Example: Suppose we have a fair coin and we play a game. We flip the coin. We win $1 if the result is head and lose $1 if the result is tail. You play the game 100 times. You are interested in the cumulative profit.

set.seed(1) # R actually generates pseudo random numbers
# setting the seed ensure that each time you will get the same result
# for illustration, code debugging, reproducibility
profit <- sample(c(-1, 1), size = 100, replace = T)  
plot(cumsum(profit), type = "l")


set.seed(2) 
profit <- sample(c(-1, 1), size = 100, replace = T) 
plot(cumsum(profit), type = "l")

Example: You have two dice $A$ and $B$. For die $A$, there are $6$ sides with numbers $1,2,3,4,5,6$ and the corresponding probability of getting these values are $0.1,0.1,0.1,0.1,0.1,0.5$. For die $B$, there are $4$ sides with numbers $1,2,3,7$ and the corresponding probability of getting these values are $0.3,0.2,0.3,0.2$. You roll the two dice independently.
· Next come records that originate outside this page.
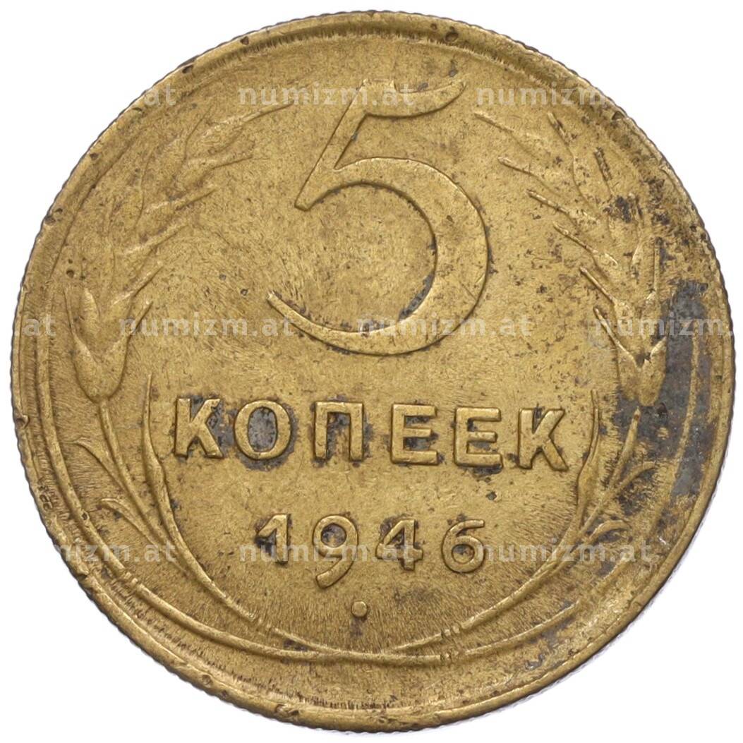 Монета 5 копеек 1946 года (Артикул: K12-00611): подробные характеристики, качественные фотографии в высоком разрешении, низкая цена.
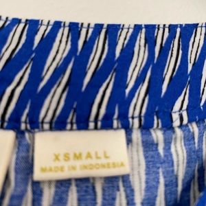 Rayon. Side pockets. Button front. Machine wash. 29.5"L. Excellent condition!
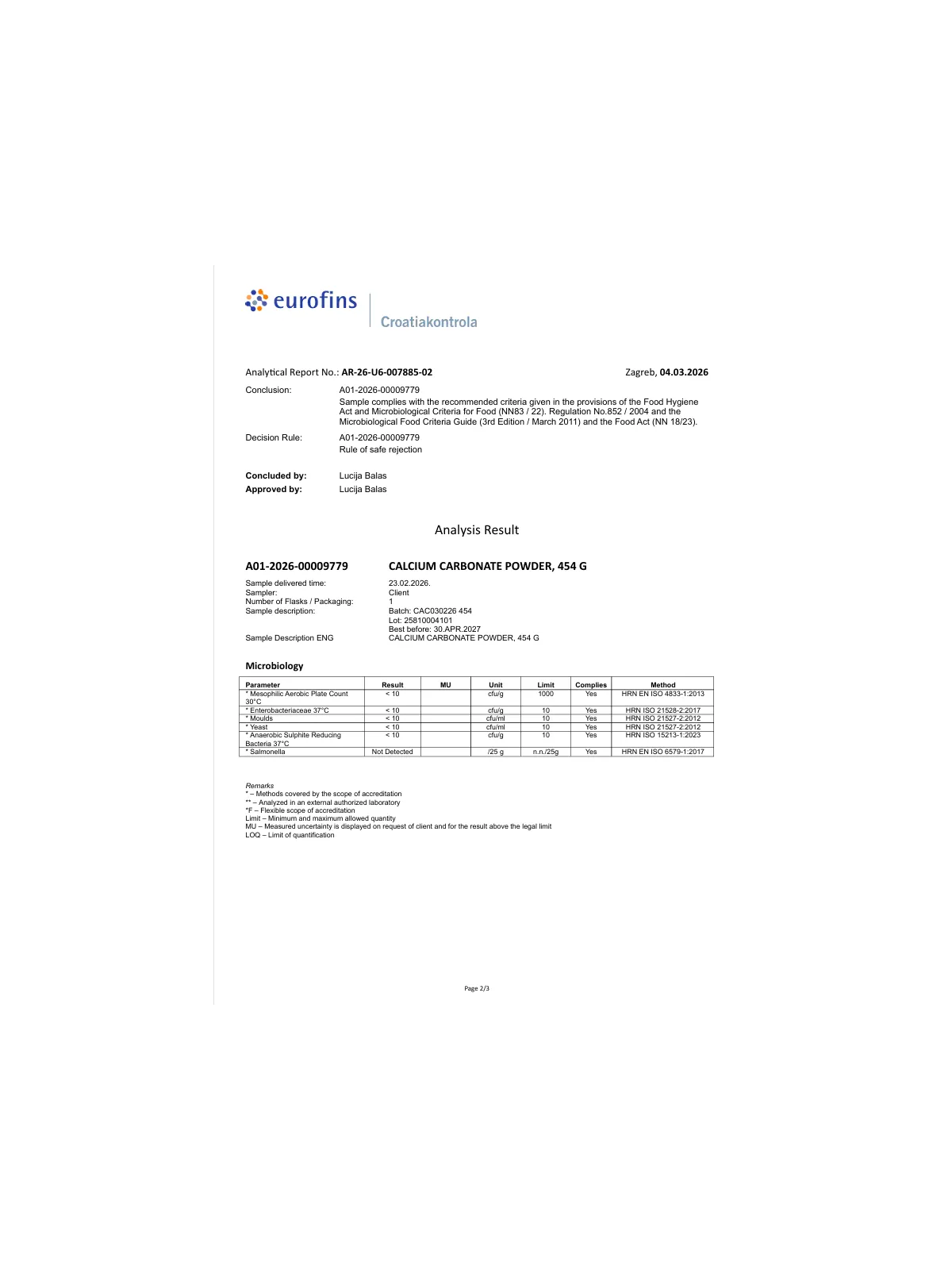 El carbonato cálcico es un compuesto químico, representado por la fórmula química CaCO3. Se estima que alrededor del 4 % de la corteza terrestre está compuesta por carbonato cálcico. Se encuentra de forma natural en minerales y rocas, entre los que se incluyen la calcita, la piedra caliza, la tiza, el mármol y la aragonita. El carbonato cálcico es el ingrediente activo de la cal agrícola y se crea cuando los iones de calcio del agua dura reaccionan con los iones de carbonato, formando incrustaciones de cal.
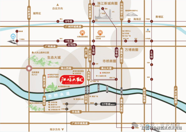这个新盘,就是国科众安·江屿大观。项目位于番禺市桥板块西环路西侧,隔壁就是将于今年首轮集中供地竞拍的沙头地块。
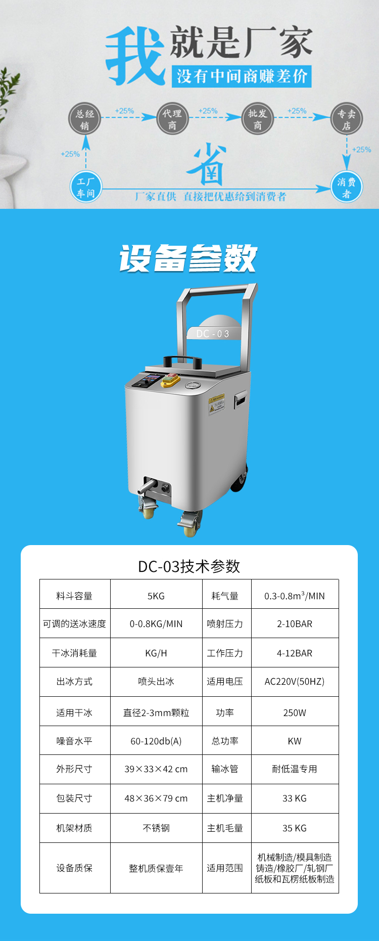 3. 進(jìn)氣壓力,干冰用量可調(diào)
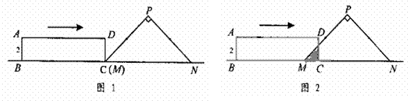 7.(河南课改 14分)如图1,Rt△PMN中,∠P=90°,PM=PN,MN=8cm,矩形ABCD的长和宽分别为8cm和2cm,C点和M点重合,BC和MN在一条直线上。令Rt△PMN不动,矩形ABCD沿MN所在直线向右以每秒1cm的速度移动(如图2),直到C点与N点重合为止。设移动x秒后,矩形ABCD与△PMN重叠部分的面积为y
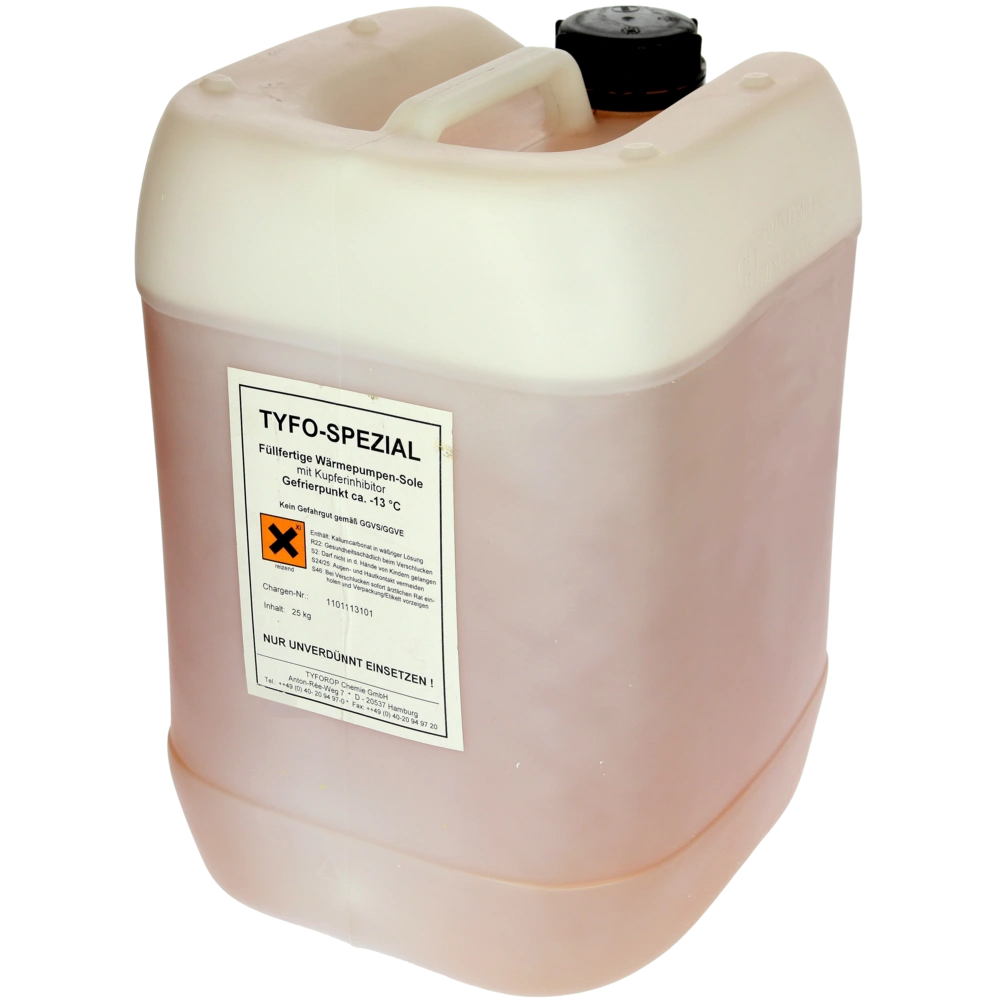 All product informationTYFO Spezial is a high-quality and high-performance brine based on salt. It hass been specially developed for geothermal heat pump systems. In the event of a leak, TYFO Spezial does not cause any underground biological oxygen depletion.
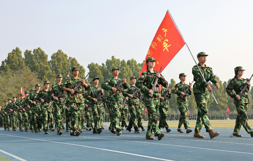 军训团各营连依次进行分列式展示,新生们迈着铿锵有力的步伐,以整齐划一的队列、饱满昂扬的姿态依次通过主席台,全面展示军事训练成果,彰显师大学子良好的精神风貌。
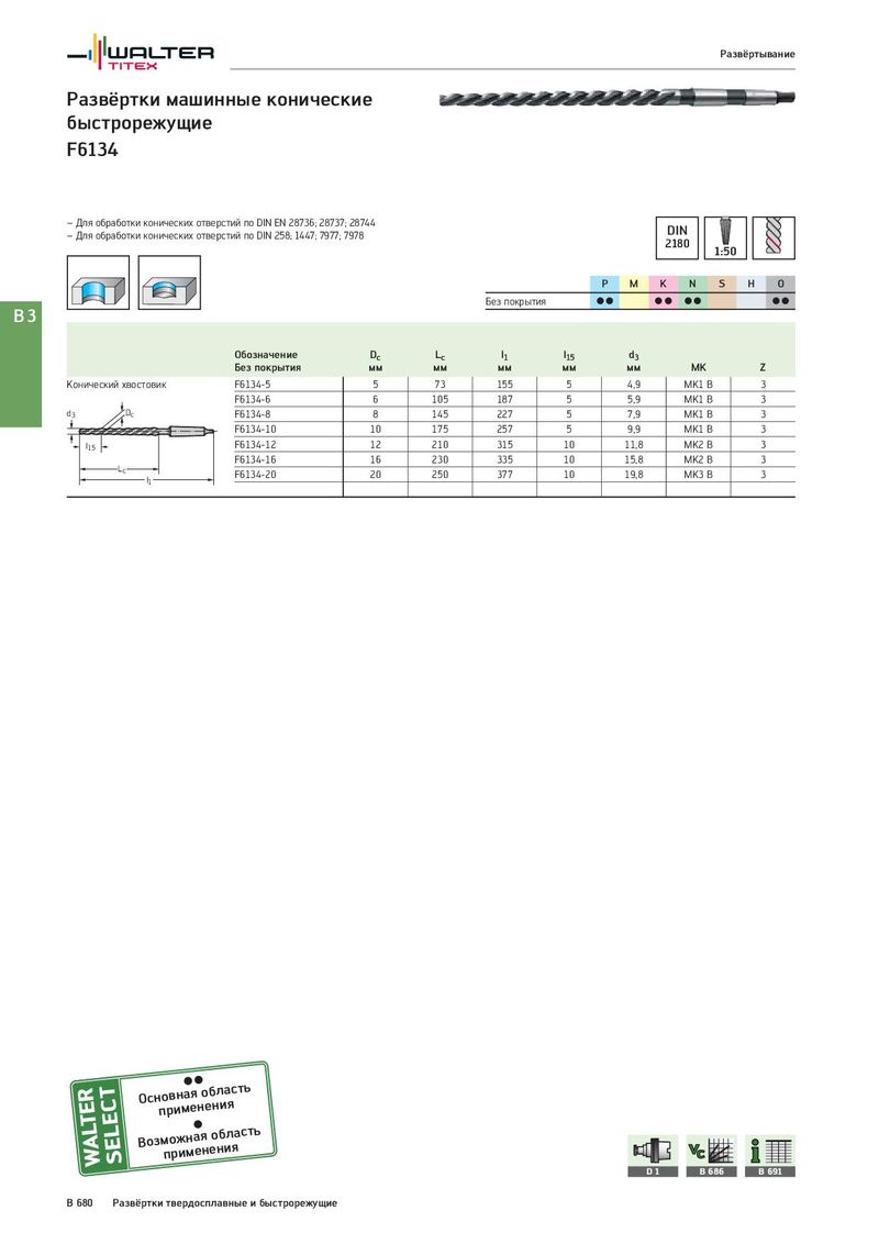 Развёртывание Развёртки машинные конические быстрорежущие F6134 – Для обработки конических отверстий по DIN EN 28736; 28737; 28744 DIN – Для обработки конических отверстий по DIN 258; 1447; 7977; 7978 2180 1:50 P M K N S H O Без покрытия CC CC CC CC B3 Обозначение Dc Lc l1 l15 d3 Без покрытия мм мм мм мм мм MK Z Конический хвостовик F6134-5 5 73 155 5 4,9 MK1 B 3 F6134-6 6 105 187 5 5,9 MK1 B 3 d3 Dc F6134-8 8 145 227 5 7,9 MK1 B 3 F6134-10 10 175 257 5 9,9 MK1 B 3 l15 F6134-12 12 210 315 10 11,8 MK2 B 3 F6134-16 16 230 335 10 15,8 MK2 B 3 Lc F6134-20 20 250 377 10 19,8 MK3 B 3 l1 Оснпорвинмаеяноебнлиаясть Возмпоржимнаеянеонбиляасть D 1 B 686 B 691 B 680 Развёртки твердосплавные и быстрорежущие
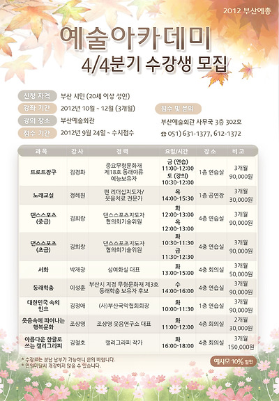 [부산예총] 예술아카데미 수강생 모집 (4분기) 작성자부산예총|작성시간12.09.24|조회수12 목록 댓글 1 글자크기 작게가 글자크기 크게가 * 추천 : '대한민국 속의 민요' 는 전래 민요를 장구 자락에 맞춰 우리가락을 배울 수 있는 강좌로 (사)부산국악협회 '김영애' 회장님의 강의로 한층 품격을 높였습니다. * 문의 : 예술회관 기획실 051-631-1377 * 예사모 회원은 각 강좌당 10% 할인 가능 다음검색 현재 게시글 추가 기능 열기 북마크 공유하기 신고 센터로 신고 댓글 댓글 1 댓글쓰기 답글쓰기 댓글 리스트 작성자화려한 얼짱 | 작성시간 12.09.27 퇴근후 하는 시간이 있으면 좋겠습니다... 댓글 전체보기

Estimate $P(X > Y)$ using simulation, where $X$ is the result from die $A$ and $Y$ is the result from die $B$.

n <- 10000 # number of simulations
X <- sample(1:6, size = n, replace = TRUE, prob = c(0.1, 0.1, 0.1, 0.1, 0.1, 0.5))
Y <- sample(c(1, 2, 3, 7), size = n, replace = TRUE, prob = c(0.3, 0.2, 0.3, 0.2))
mean(X > Y)
## [1] 0.6408

Why the sample mean approximates the required probability? Recall the strong law of large numbers (SLLN). Let $X_1,\ldots,X_n$ be independent and identically distributed random variables with mean $\mu:=E(X)$. Let $\overline{X}_n:= \frac{1}{n} \sum^n_{i=1}X_i$. Then \[\overline{X}_n \stackrel{a.s.}{\rightarrow} \mu.\] Note: a.s. means almost surely. The above convergence means $P(\lim_{n\rightarrow \infty} \overline{X}_n = \mu) = 1$. Note that (the expectation of an indicator random variable is the probability that the corresponding event will happen) \[ P(X>Y) = E(I(X>Y)).\] To apply SLLN, we just need to recognize the underlying random variable is $I(X>Y)$. Then, with probability $1$, the sample mean \[ \frac{1}{n} \sum^n_{i=1} I(X_i > Y_i) \rightarrow P(X>Y).\] The quantity on the LHS is what we compute in mean(X>Y) (note that we are using vectorized comparison).

2.3 Additional Exercises

Ex 1

Let $X \sim N(mean = 2, sd = 1)$, $Y \sim Exp(rate = 2)$, $Z \sim Unif(0, 4)$ (continuous uniform distribution on [0,4]). Suppose $X, Y, Z$ are independent. Estimate $P(\max(X,Y)>Z)$.

Recall the difference between pmax and max:

# always try with simple examples when you test the usage of functions
x <- c(1, 2, 3)
y <- c(0, 5, 10)
max(x, y)
## [1] 10
pmax(x, y)
## [1]  1  5 10

Answer:

n <- 100000
x <- rnorm(n, 2, 1)
y <- rexp(n, 2)
z <- runif(n, 0, 4)
mean(pmax(x, y) > z) 
## [1] 0.51129

Ex 2

Let $X \sim N(mean = 2, sd = 1)$, $Y \sim Exp(rate = 2)$, $Z \sim Unif(0, 4)$ (continuous uniform distribution on [0,4]). Suppose that $X, Y, Z$ are independent. Estimate $P(\min(X,Y)>Z)$.

n <- 100000
x <- rnorm(n, 2, 1)
y <- rexp(n, 2)
z <- runif(n, 0, 4)
mean(pmin(x, y) > z) # what is the difference between pmin and min?
## [1] 0.11283

Ex 3

Let $X \sim N(mean = 2, sd = 1)$, $Y \sim Exp(rate = 2)$, $Z \sim Unif(0, 4)$ (continuous uniform distribution on [0,4]). Suppose that $X, Y, Z$ are independent. Estimate $P(X^2 Y>Z)$.

n <- 100000
x <- rnorm(n, 2, 1)
y <- rexp(n, 2)
z <- runif(n, 0, 4)
mean(x ^ 2 * y > z)
## [1] 0.4084

Ex 4

Person $A$ generates a random variable $X \sim N(2, 1)$ and Person $B$ generates a random variable $Z \sim Unif(0, 4)$. If $X < Z$, Person $A$ will discard $X$ and generate another random variable $Y \sim Exp(0.5)$. Find the probability that the number generated by $A$ is greater than that by $B$.

n <- 100000
x <- rnorm(n, 2, 1)
y <- rexp(n, 0.5)
z <- runif(n, 0, 4)
mean(pmax(x, y) > z)
## [1] 0.63853

We will see additional simulation examples after we talk about some programming in R

There are many important topics that we will not discuss

algorithms for simulating random variables

inverse transform
acceptance rejection
Markov Chain Monte Carlo

methods to reduce variance in simulation

Control variates
Antithetic variates
Importance sampling